Extracted data ▸

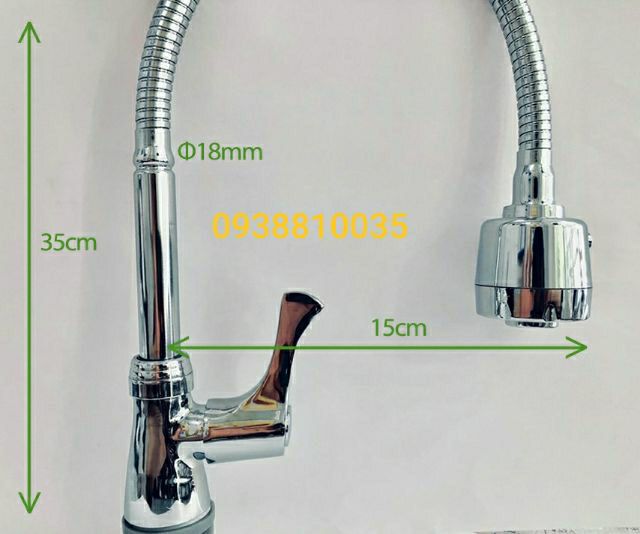 Thiết kế dạng lò xo, điều chỉnh thoải mái, xoay 360 độ phù hợp với nhiều vị trí sử dụng nơi bồn rửa chén.
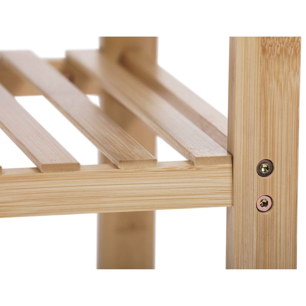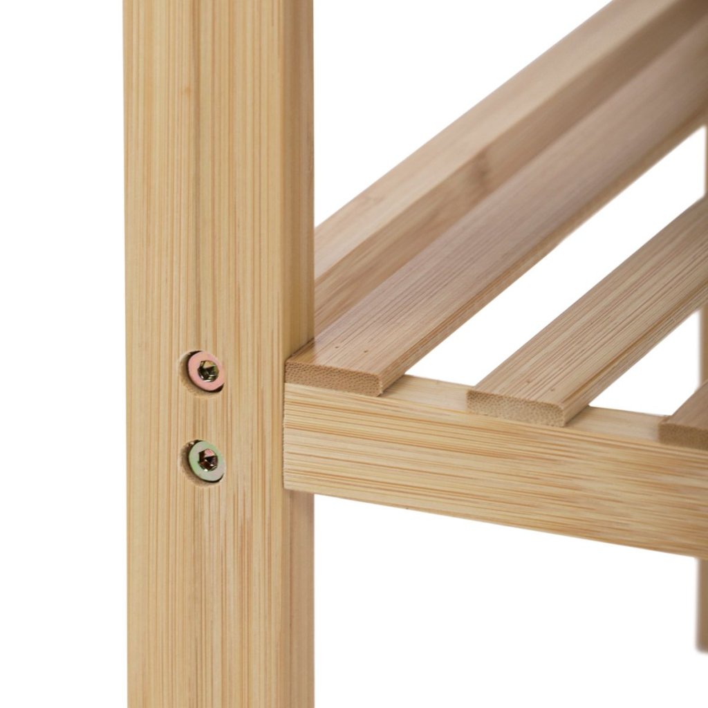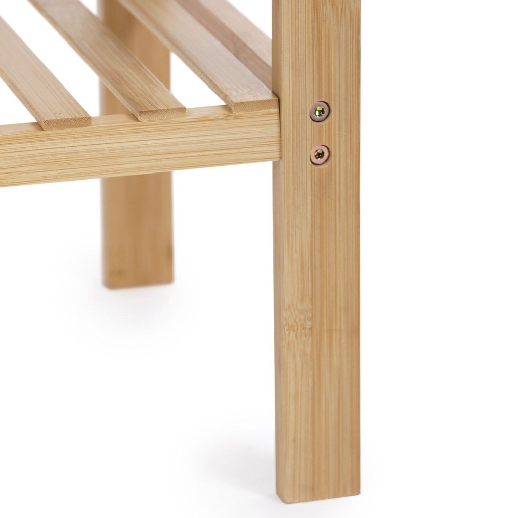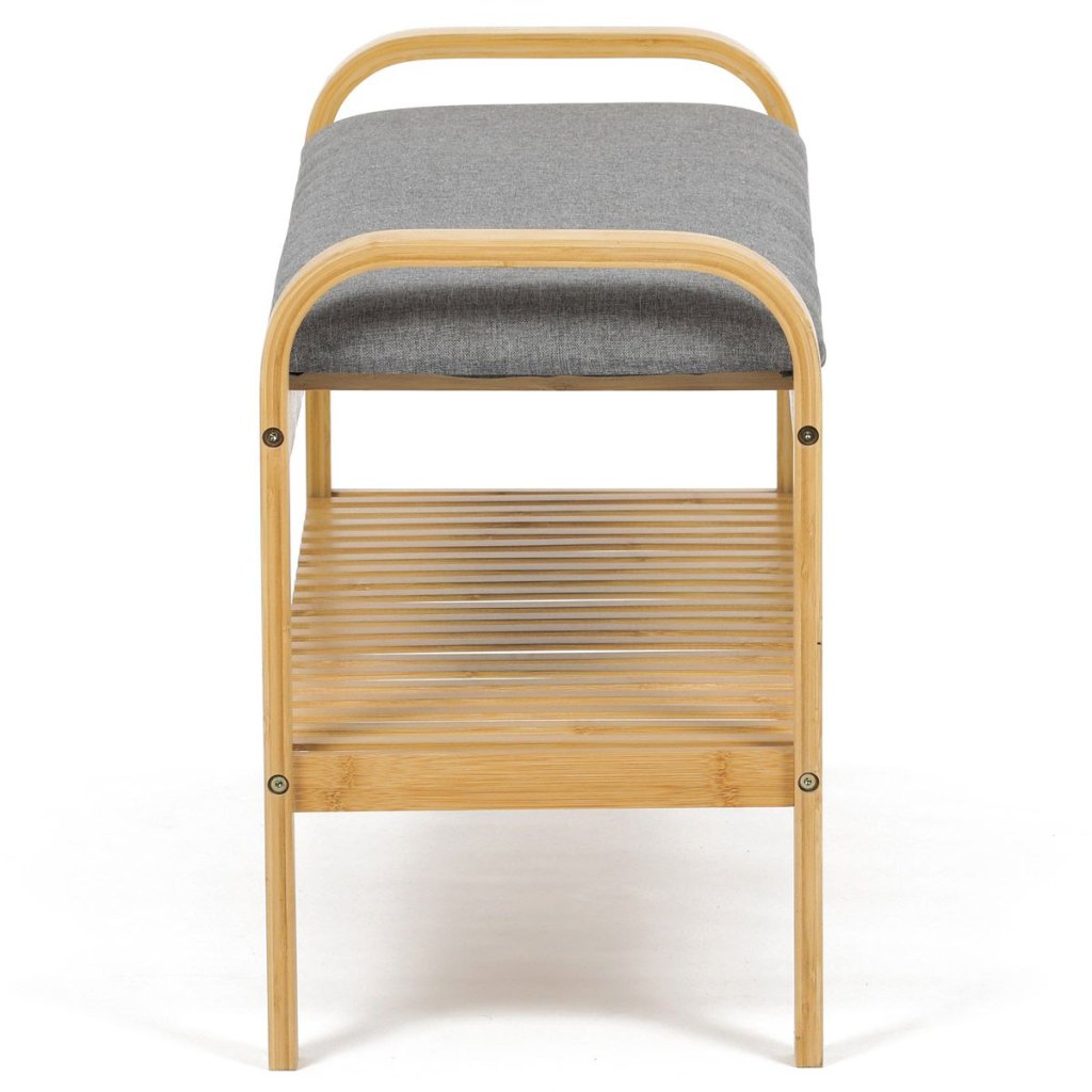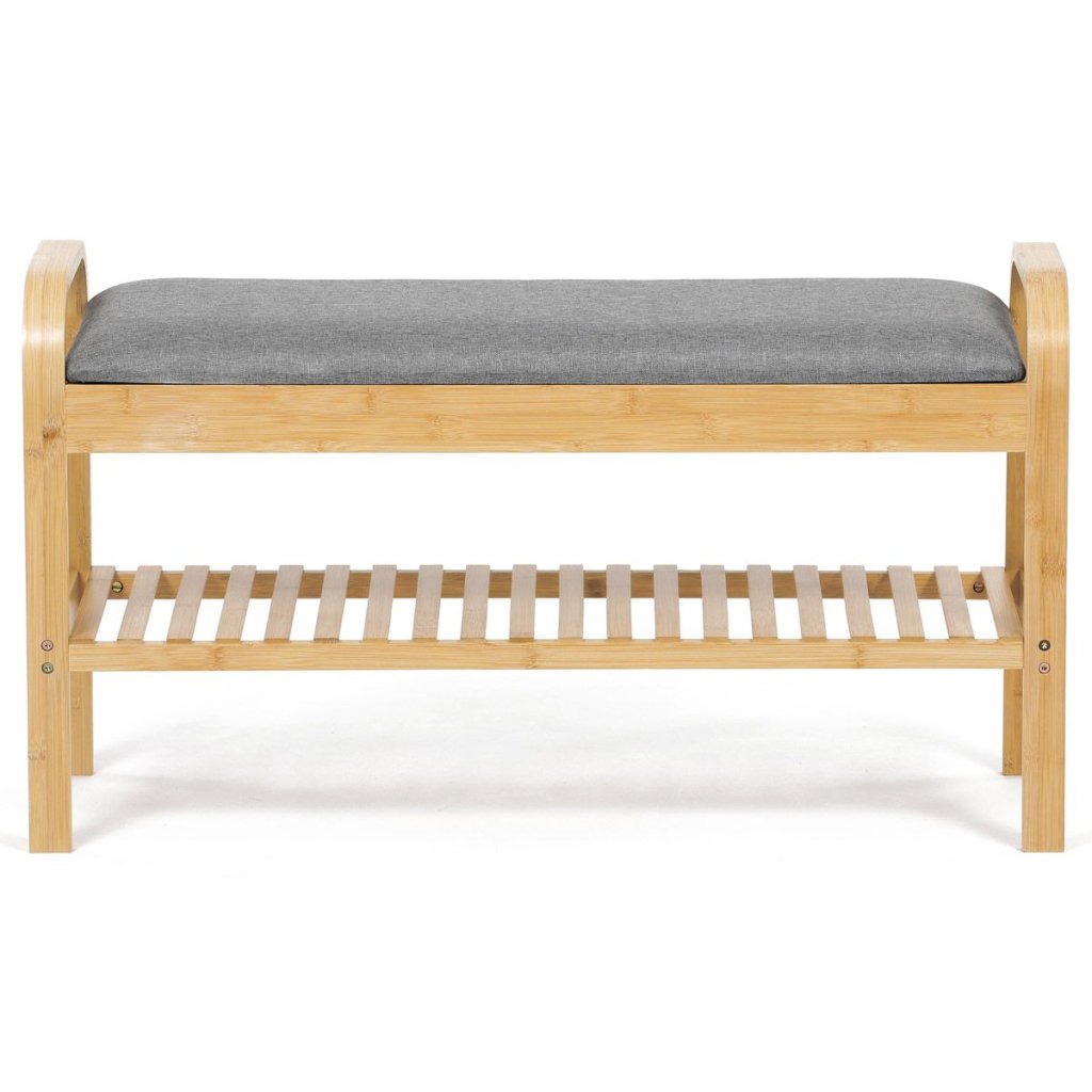Štýlový botník s čalúneným sivým sedadlom a kvalitným bambusovým rámom. Kombinuje praktické úložisko na topánky s pohodlným sedením, ideálny pre každý interiér.
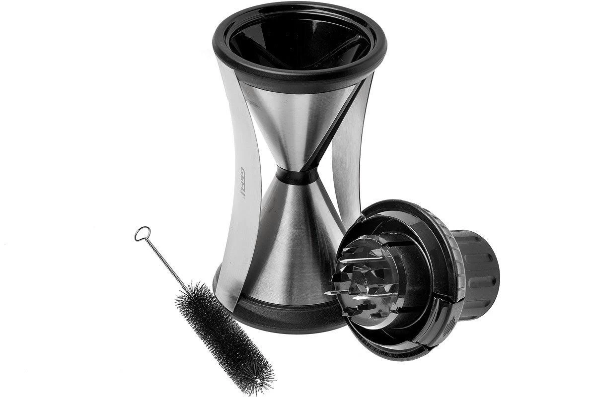Le taille-légumes en spirales GEFU Spirelli XL permet de préparer des juliennes de légumes, ou « spaghettis de légumes ». Génial pour décorer tous vos plats. Ce Spirelli XL est la version plus grande du fameux Spirelli. Cette version XL est idéale pour couper des légumes dont la section est de maximum 65 mm. Le taille-légumes en spirale est doté de deux lames en acier inoxydable japonais. Pour des juliennes dont l’épaisseur est de 4,5 mm ou 8 mm. Succès garanti !
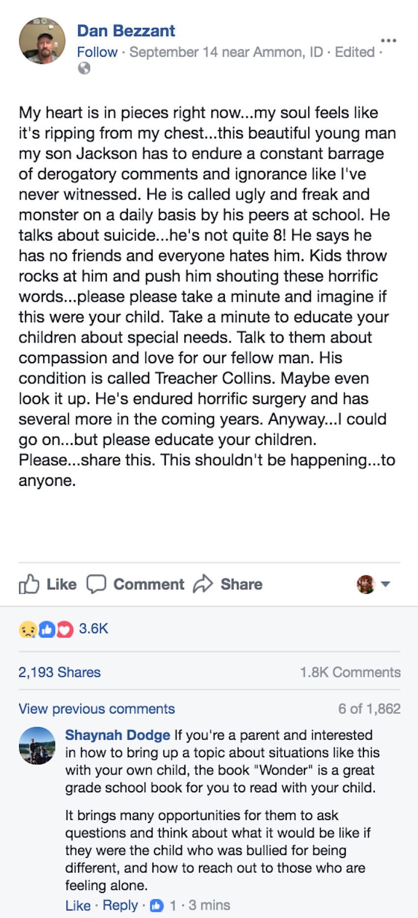 Dan decided enough was enough. He took to Facebook after the incident at school with a powerful and frightening public post:
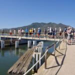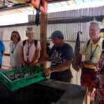 Danach besichtigen wir eine für den hiesigen Küstenbereich typische Fisch- und Muschelzuchtanlage. Uns wird erklärt, wie die noch kleinen Fische in einem trichterförmigen System von Gitter im Brackwasserbereich gefangen und in speziellen Becken gezüchtet werden, bevor sie in den Handel gelangen.
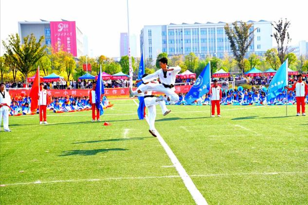 而后跆协成员为运动会准备的自由品势节目也在绿茵场上精彩上演。首先亮相的是品势表演,气势磅礴,刚劲雄健。紧接着,后空翻、旋风踢、飞侧以及组合腿法完美呈现,让人叹为观止,每一个动作都凝聚着跆拳道成员的热爱与努力,展现出了当代大学生的勇敢、顽强和坚毅等精神。
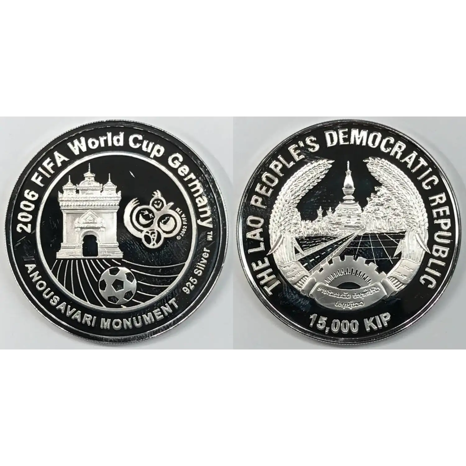 2006 Proof Lao People's Democratic Republic (Laos) Silver 15,000 Kip - Fifa 2006 World Cup Football/Soccer - Germany - 31.1g, .925 fine, 0.925 troy oz Adjusted Silver Weight (ASW)
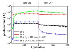 图38 具有不同氮含量的ZnOxNy薄膜在蓝光(405±10 nm)照射(如沉积薄膜S5d和退火薄膜S4a,S5a和S6a)的开关循环期间的瞬态光电流强度。光照射时间期间光电流的时间变化拟合了方程(2)描述的拉伸指数衰减(仅显示了退火薄膜S5a和S6a的拟合图)。(有关此图例中对颜色的引用的解释,读者请参阅本文的网络版本。

Problem description ▸ No picture is to be included when the lines from the one containing "2006 Proof Lao" through the end of the material above are output exactly; nothing else is written.

Response box ▸
 2006 Proof Lao People's Democratic Republic (Laos) Silver 15,000 Kip - Fifa 2006 World Cup Football/Soccer - Germany - 31.1g, .925 fine, 0.925 troy oz Adjusted Silver Weight (ASW)
 图38 具有不同氮含量的ZnOxNy薄膜在蓝光(405±10 nm)照射(如沉积薄膜S5d和退火薄膜S4a,S5a和S6a)的开关循环期间的瞬态光电流强度。光照射时间期间光电流的时间变化拟合了方程(2)描述的拉伸指数衰减(仅显示了退火薄膜S5a和S6a的拟合图)。(有关此图例中对颜色的引用的解释,读者请参阅本文的网络版本。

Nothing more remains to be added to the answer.